The Mexican band Le Butcherettes has followed the trajectory of many brilliant artists of that country: Initially unable to succeed in the impenetrable but influential Mexican music scene, its members went abroad, found success, and are now beginning to find recognition back home.
Why is a band this exceptional, with a lead singer as talented as Teri Gender Bender, not celebrated with more gusto on both sides of the border? There’s a lot to write about there — about how the Latin music machine likes its women, and about how Latin rock remains largely the domain of men willing to rebel against everything except machismo. But let’s take this to a positive place, because Le Butcherettes’ members deserve a note of praise and not an expose on the endemic problems of the Latin entertainment industry. This is an amazing band, Gender Bender is rapidly heading to Karen O territory with her vocals and stage presence, and you should listen.
When Gender Bender sat down to write Cry Is for the Flies with the group, she was going through a lot — some of it related to the issues mentioned above. I asked her about this over the phone, because I was intrigued by the tone of the new album, which is as gorgeous as it is restless, dense and dark. In a relaxed, cheerful voice, she said the record was written nearly two years ago, when she’d decided to leave her family in Mexico and head for Los Angeles. It’s a snapshot of her feelings of guilt surrounding that move.
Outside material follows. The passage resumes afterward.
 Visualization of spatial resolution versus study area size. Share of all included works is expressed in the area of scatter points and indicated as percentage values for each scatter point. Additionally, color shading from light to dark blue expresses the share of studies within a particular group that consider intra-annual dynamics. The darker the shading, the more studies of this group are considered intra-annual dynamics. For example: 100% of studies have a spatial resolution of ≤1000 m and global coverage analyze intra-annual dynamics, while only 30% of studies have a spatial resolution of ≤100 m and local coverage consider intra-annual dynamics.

However, if this is her guilt trip, it’s great to be taken for a ride. Gender Bender’s voice has matured spectacularly in the past few years, and in songs like the opening “Burn the Scab” and the rhythmic “My Child,” she rides effortlessly over the thick, pounding waves of guitar and bass.
Gender Bender, who has forged a creative partnership with Omar Rodriguez Lopez over the last few years, has spoken about how the gifted musician has mentored her, and it shows on Cry Is for the Flies. She’s always been a remarkable musician and vocalist, but she reaches new heights here.
Gender Bender has a tremendous gift for capturing feelings and emotional processes that are difficult to narrate, including guilt. It’s interesting that such a young woman — someone who grew up in the era of singles — would craft an album so beautifully narrative as a whole. There’s a frenetic pace to the first bit of Cry Is for the Flies. Then a skit, a conversation between a man and his guilt, changes the course: The next couple of songs sound almost exhausted, and the album ends on an anthemic note with “Crying for the Flies,” in which she seems relieved.
When I asked Gender Bender whether she feels weighed down by putting out an album that chronicles a different, perhaps sadder time in her life, she returned to that subject of relief: She’s glad to get this beautiful record out there after all this time.
Yes, the Latin music industry is unkind to newcomers, particularly women who dare to be different. And, yes, the U.S. music industry still eyes Latin crossovers uncomfortably. But that world is changing rapidly, and for Teri Gender Bender, it’s just the beginning of what I suspect will be a long and fascinating career.